» **WORK TO BE COMPLETED**
An exact reproduction of the entries is needed. Keep all pictures out of it.

Extracted records:
^^^^^^^^
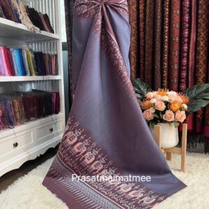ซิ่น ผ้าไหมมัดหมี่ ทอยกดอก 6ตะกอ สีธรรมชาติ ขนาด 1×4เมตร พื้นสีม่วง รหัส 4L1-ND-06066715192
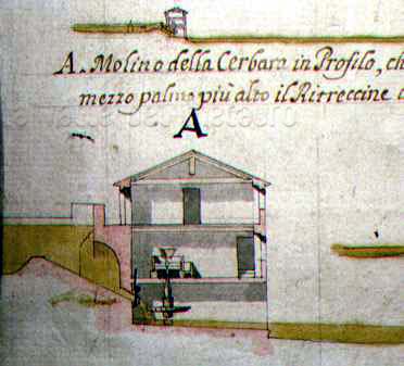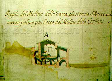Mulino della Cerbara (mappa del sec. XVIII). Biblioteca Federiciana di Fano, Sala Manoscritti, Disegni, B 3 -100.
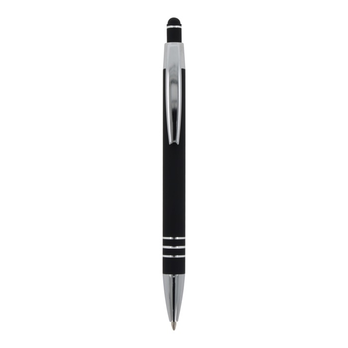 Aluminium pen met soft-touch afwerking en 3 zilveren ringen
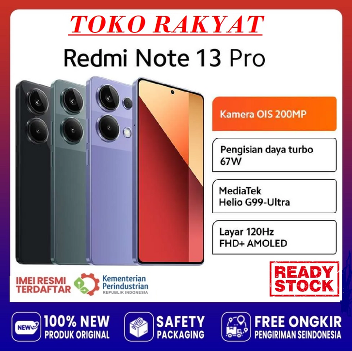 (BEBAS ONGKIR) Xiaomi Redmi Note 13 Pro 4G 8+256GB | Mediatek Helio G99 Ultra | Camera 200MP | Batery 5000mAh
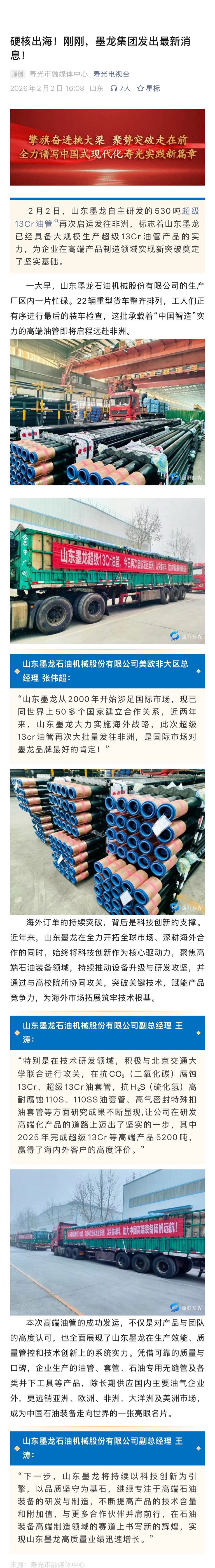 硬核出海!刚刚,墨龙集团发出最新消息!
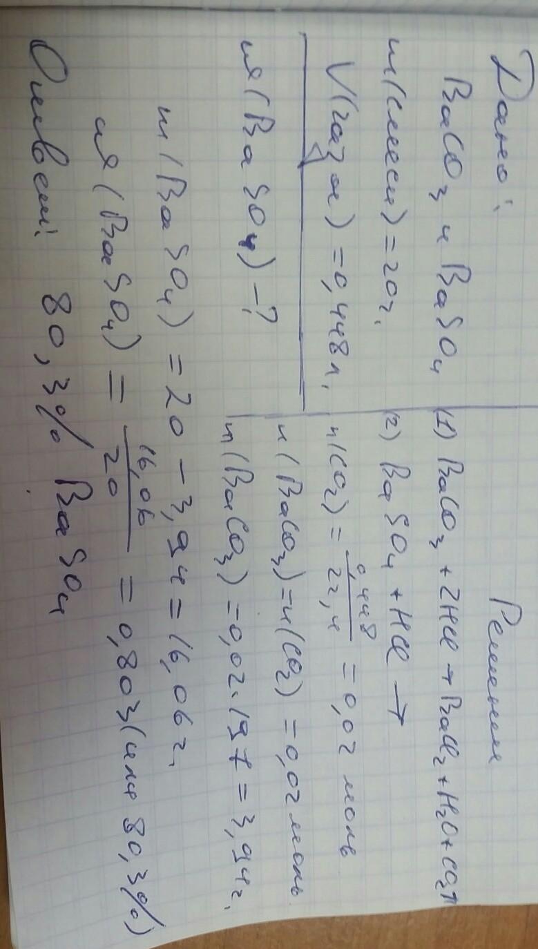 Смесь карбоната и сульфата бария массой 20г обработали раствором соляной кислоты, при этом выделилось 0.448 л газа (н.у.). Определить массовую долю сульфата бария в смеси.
^^^^^^^^
» **RESULT OF THE EXERCISE**
ซิ่น ผ้าไหมมัดหมี่ ทอยกดอก 6ตะกอ สีธรรมชาติ ขนาด 1×4เมตร พื้นสีม่วง รหัส 4L1-ND-06066715192
Mulino della Cerbara (mappa del sec. XVIII). Biblioteca Federiciana di Fano, Sala Manoscritti, Disegni, B 3 -100.
 Aluminium pen met soft-touch afwerking en 3 zilveren ringen
 (BEBAS ONGKIR) Xiaomi Redmi Note 13 Pro 4G 8+256GB | Mediatek Helio G99 Ultra | Camera 200MP | Batery 5000mAh
 硬核出海!刚刚,墨龙集团发出最新消息!
 Смесь карбоната и сульфата бария массой 20г обработали раствором соляной кислоты, при этом выделилось 0.448 л газа (н.у.). Определить массовую долю сульфата бария в смеси.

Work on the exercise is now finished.